Last night, Elizabeth and I camped at Redfish Lake, a big glacial lake on the western edge of Idaho’s Sawtooth Range.
This morning we drove to Redfish Lodge, took a boat shuttle across the lake, and got dropped off at a tiny dock at the Redfish Lake Creek inlet.
We started hiking at 9:40. We wanted to go to Baron Pass, where “peaks, crags, and serrated ridges stretch in every direction into blue haze”, according to my guidebook. It was a 14-mile round trip. This distance was well within our abilities, but there was one catch: getting the boat shuttle back to Redfish Lodge. The last two return trips were at 5:00 and 7:00. I didn’t even consider the last shuttle; missing it and spending a night in the woods with our dayhiking gear wasn’t an option. So we decided to make the 5:00 trip. But was that enough time for the hike?
We started in a forest of lodgepole pine (Pinus contorta), subalpine fir (Abies lasiocarpa), and Engelmann spruce (Picea engelmannii). The trees were old, but not large. The forest canopy offered partial sunlight as well as partial views of the peaks lining the valley.
A meadow created by a rockslide gave us our first good look at the Redfish Lake Creek valley. On both sides were apricot-colored granite peaks, giant spires connected by ridges bristling with pinnacles.
At Flatrock Junction, the trail split and we followed it out of the valley and up toward Baron Pass. This part of the hike reminded me of our hikes in Washington’s North Cascades. Like the valleys in the North Cascades, the valleys in the Sawtooths have a classic U-shape carved by glaciers millennia ago. For hikers, this means long, flat trails down valley bottoms, and short, steep trails out of them.
We hiked up switchbacks through meadows that gave us excellent views up and down Redfish Lake Creek valley. The valley was lined with shining peaks and filled with deep green forest. Farther up the valley, beyond the junction, were even higher peaks, their faces still holding significant snowfields.
The upper switchbacks passed through some large Douglas-fir (Pseudotsuga menziesii). And in the meadows I spotted two interesting wildflowers. The first was a new species of Calochortus for me, big-pod mariposa lily (Calochortus eurycarpus). The other was a species of columbine (Aquilegia formosa) familiar from California.
Once we reached the rim of the valley, we hiked over level ground to Alpine Lake.

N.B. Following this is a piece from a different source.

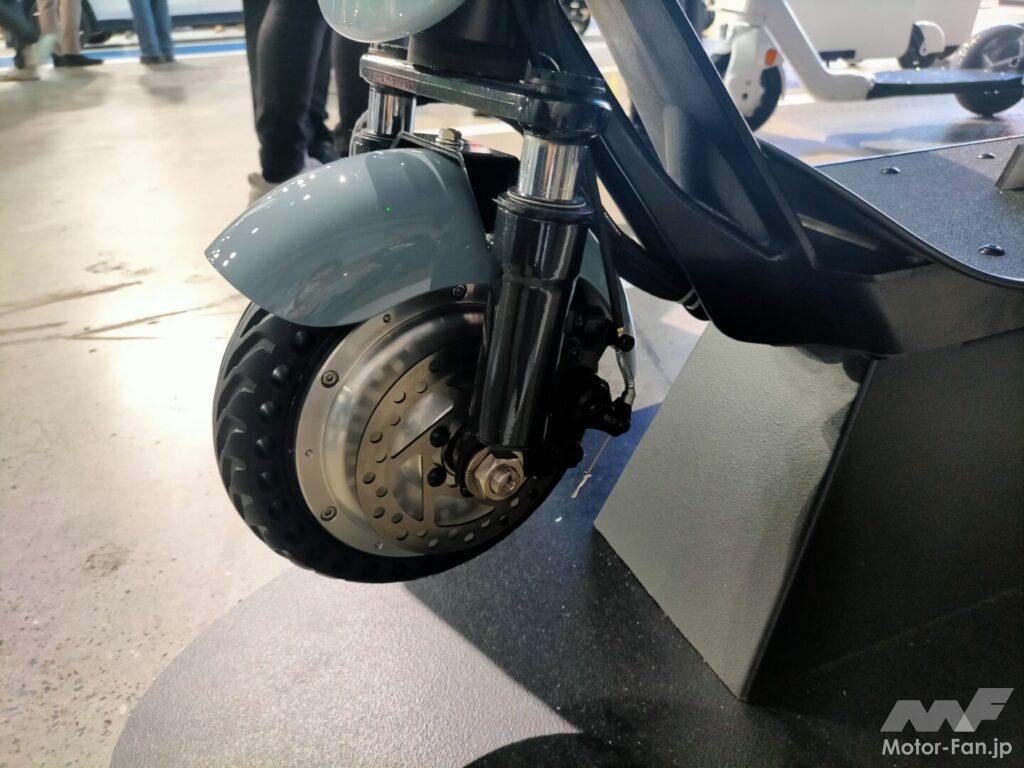 前後ホイールは小回りの利く超小径型とし、前後ブレーキは制動力の高いディスク式を採用。フロントには正立フォーク、リアには独自の衝撃緩和機構を導入し、良質の乗り心地と優れた走行安定性を獲得。

Did I mention Alpine Lake? At just over 5.4 miles into the hike to Baron Pass, you reach a nice, modestly-sized lake ringed by mountains and filled with crystal blue water.
Elizabeth and I got to Alpine Lake at 12:45, which left us about 45 minutes until we had to turn around. We briefly considered trying to hike the remaining 1.6 miles to Baron Pass in the time, but with one look at the lake our minds were made up. So, we set down our packs, took off our shoes, and soaked our feet in the chilly water. I read my map and guidebook while Elizabeth watched frogs catch flies.
After an hour relaxing at the lake, we hiked back to the inlet. As we hiked, clouds formed in the distance and produced shafts of rain, but we never heard thunder and they eventually dissipated.
We got to the inlet at 4:10, fifty minutes early. The beautiful view and the sandy beach, however, made the time spent waiting for the shuttle go by easily.